TASK TO COMPLETE: Repeat exactly the lines below that lie between the line with "Calender Month |" and the line with "Tritt ein in", counting both of those lines as part of the answer.

AVAILABLE DATA:
━━━━━━━━━━

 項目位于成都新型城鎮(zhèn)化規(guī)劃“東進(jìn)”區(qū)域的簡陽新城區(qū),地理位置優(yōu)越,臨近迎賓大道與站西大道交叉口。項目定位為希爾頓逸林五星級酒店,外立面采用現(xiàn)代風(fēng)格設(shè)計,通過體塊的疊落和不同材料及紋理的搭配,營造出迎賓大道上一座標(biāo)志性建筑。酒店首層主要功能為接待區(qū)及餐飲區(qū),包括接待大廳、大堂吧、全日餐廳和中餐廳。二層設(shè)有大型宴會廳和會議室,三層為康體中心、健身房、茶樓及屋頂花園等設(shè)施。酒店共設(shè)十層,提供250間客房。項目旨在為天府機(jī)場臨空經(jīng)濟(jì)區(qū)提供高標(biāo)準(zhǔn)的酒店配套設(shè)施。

━━━━━━━━━━

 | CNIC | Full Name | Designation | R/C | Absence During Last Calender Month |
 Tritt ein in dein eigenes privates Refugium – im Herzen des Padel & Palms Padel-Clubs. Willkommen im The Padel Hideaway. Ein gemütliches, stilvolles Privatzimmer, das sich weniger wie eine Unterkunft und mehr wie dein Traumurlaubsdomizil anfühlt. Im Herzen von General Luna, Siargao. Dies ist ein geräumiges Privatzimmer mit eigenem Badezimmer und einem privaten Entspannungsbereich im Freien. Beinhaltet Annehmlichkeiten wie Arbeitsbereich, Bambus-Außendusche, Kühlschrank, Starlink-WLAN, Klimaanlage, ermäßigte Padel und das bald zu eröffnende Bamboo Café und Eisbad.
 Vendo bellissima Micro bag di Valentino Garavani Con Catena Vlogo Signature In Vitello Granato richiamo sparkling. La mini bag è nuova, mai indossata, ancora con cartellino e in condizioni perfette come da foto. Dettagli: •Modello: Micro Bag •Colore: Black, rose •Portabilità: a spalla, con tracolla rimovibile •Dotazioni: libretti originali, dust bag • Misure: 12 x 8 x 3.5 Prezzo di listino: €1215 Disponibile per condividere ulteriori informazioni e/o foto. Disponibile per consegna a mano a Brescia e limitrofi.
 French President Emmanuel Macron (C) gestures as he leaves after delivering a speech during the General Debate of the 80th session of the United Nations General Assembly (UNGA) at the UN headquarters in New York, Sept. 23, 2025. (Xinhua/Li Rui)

━━━━━━━━━━

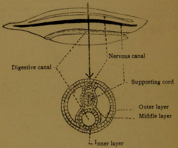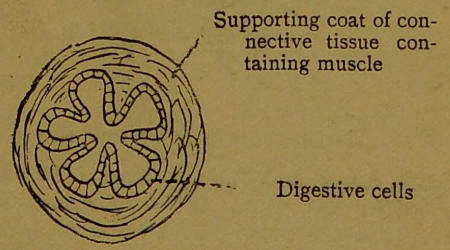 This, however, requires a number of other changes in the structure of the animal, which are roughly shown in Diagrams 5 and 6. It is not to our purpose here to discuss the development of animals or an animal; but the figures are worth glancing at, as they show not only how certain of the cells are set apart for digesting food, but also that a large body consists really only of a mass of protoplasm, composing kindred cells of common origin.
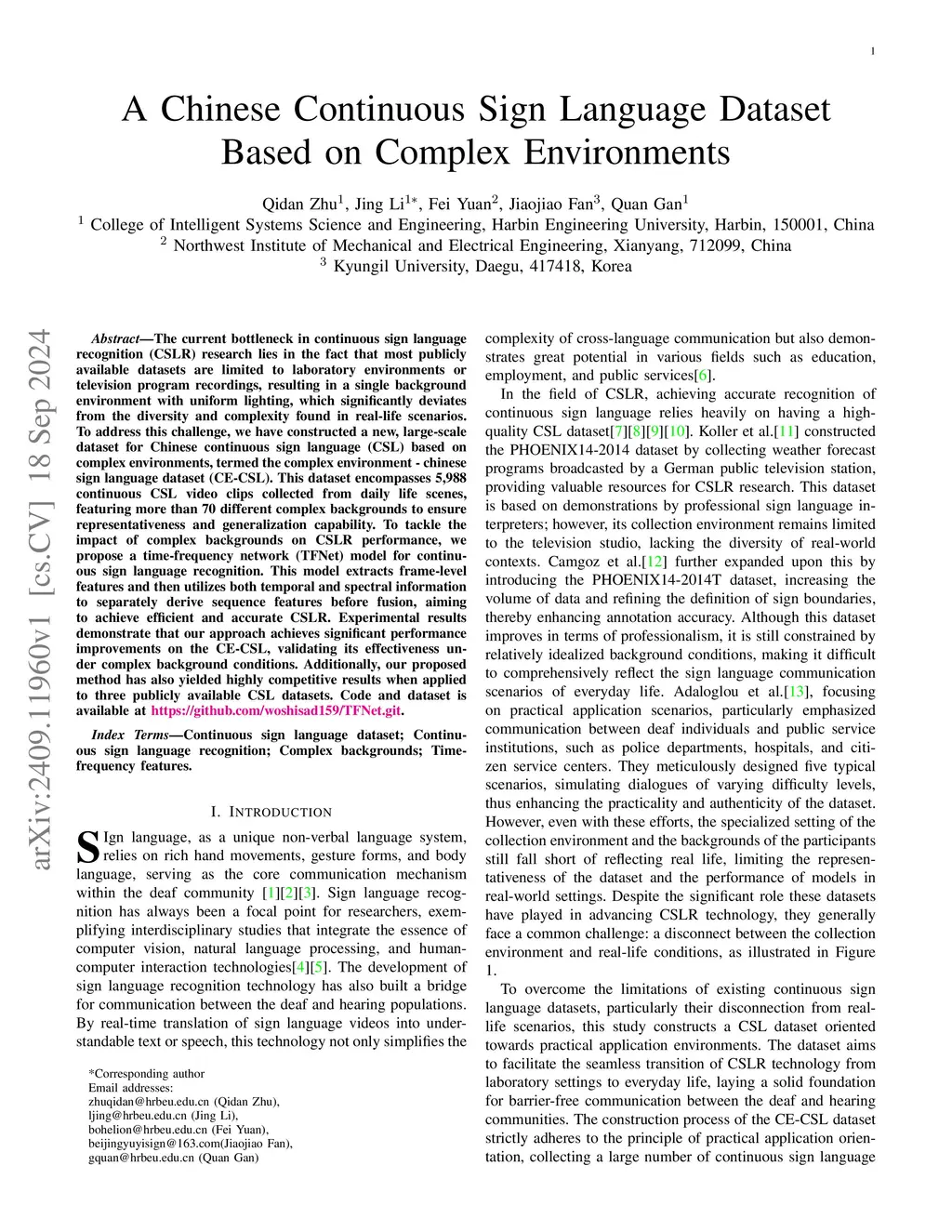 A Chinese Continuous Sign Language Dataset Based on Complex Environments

━━━━━━━━━━

SOLUTION TO THIS PROBLEM:
 | CNIC | Full Name | Designation | R/C | Absence During Last Calender Month |
 Tritt ein in dein eigenes privates Refugium – im Herzen des Padel & Palms Padel-Clubs. Willkommen im The Padel Hideaway. Ein gemütliches, stilvolles Privatzimmer, das sich weniger wie eine Unterkunft und mehr wie dein Traumurlaubsdomizil anfühlt. Im Herzen von General Luna, Siargao. Dies ist ein geräumiges Privatzimmer mit eigenem Badezimmer und einem privaten Entspannungsbereich im Freien. Beinhaltet Annehmlichkeiten wie Arbeitsbereich, Bambus-Außendusche, Kühlschrank, Starlink-WLAN, Klimaanlage, ermäßigte Padel und das bald zu eröffnende Bamboo Café und Eisbad.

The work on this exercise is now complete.